Today’s National Journal’s Hotline reports that CBN’s Brody recently interviewed Kansas Senator Sam Brownback. Brownback had this to say about Governor Mitt Romney’s stance on abortion:


"I think you'll have to look at where he stood, and at times, he's said different things on these issues. I think that's all going to come out during a long campaign.”

Fair enough.

Just about every conservative outlet – including Townhall – has wondered whether or not Mitt Romney’s conversion to the Pro-Life movement was genuine or merely political opportunism. Most conservatives (perhaps weighing their options) seem to have come to the conclusion that we should celebrate conversions, so long as they are sincere.

Clearly, Kansas Senator Sam Brownback (who recently spoke at the March for Life) is seeking to position himself as the only true social conservative in the presidential race.
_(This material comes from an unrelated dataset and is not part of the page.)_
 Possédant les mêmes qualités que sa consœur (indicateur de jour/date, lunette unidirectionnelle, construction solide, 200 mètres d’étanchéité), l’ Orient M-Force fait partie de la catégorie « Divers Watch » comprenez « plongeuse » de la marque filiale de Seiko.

As such, he stands to gain if voters conclude that Romney’s past pro-Choice stance disqualifies him from their support.

But, it seems to me that voters are willing to forgive past mistakes. In fact, I would argue there is really only one unforgivable sin in politics – and that sin is the sin of hypocrisy …
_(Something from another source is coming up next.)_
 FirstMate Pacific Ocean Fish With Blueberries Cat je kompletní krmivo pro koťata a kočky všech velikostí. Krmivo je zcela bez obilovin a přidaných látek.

Now, based on Brownback’s comments about Romney, you would assume that he has always been 100 percent solid on the Life issue, right? Well, it depends on whom you ask.
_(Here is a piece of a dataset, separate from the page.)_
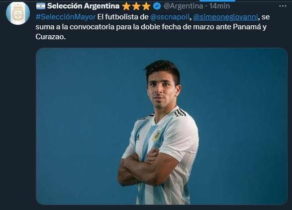 Hablamos de Gio Simeone, hombre del Nápoli, quien recibió a última hora el llamado de Scaloni para sumarse a la delegación que también enfrentará a Curazao en Santiago del Estero. El Cholito no fue al Mundial pero siempre estuvo bien considerado por el cuerpo técnico de Scaloni a raíz de la gran cantidada de goles que viene haciendo hace varios meses en la Serie A y con distintas camisetas.

According to the Lawrence Journal World:


“Kansas Republican Party Chairman Tim Shallenburger said he remembered having a conversation with Brownback in 1994 when Brownback was running in the GOP primary for the U.S. House. After the conversation, Shallenburger said he left with the impression that Brownback “was not pro-life.”

And Shallengburger wasn’t the only Kansas leader who had the same recollection:

“David Gittrich, development director for the state’s largest anti-abortion organization, Kansans for Life, said when Brownback first ran for Congress in 1994 'he was ill-informed.' Gittrich added, 'He didn’t know whether he was pro-life or pro-choice.' … Gittrich said he had heard from others that Brownback simply didn’t understand the issues at the time."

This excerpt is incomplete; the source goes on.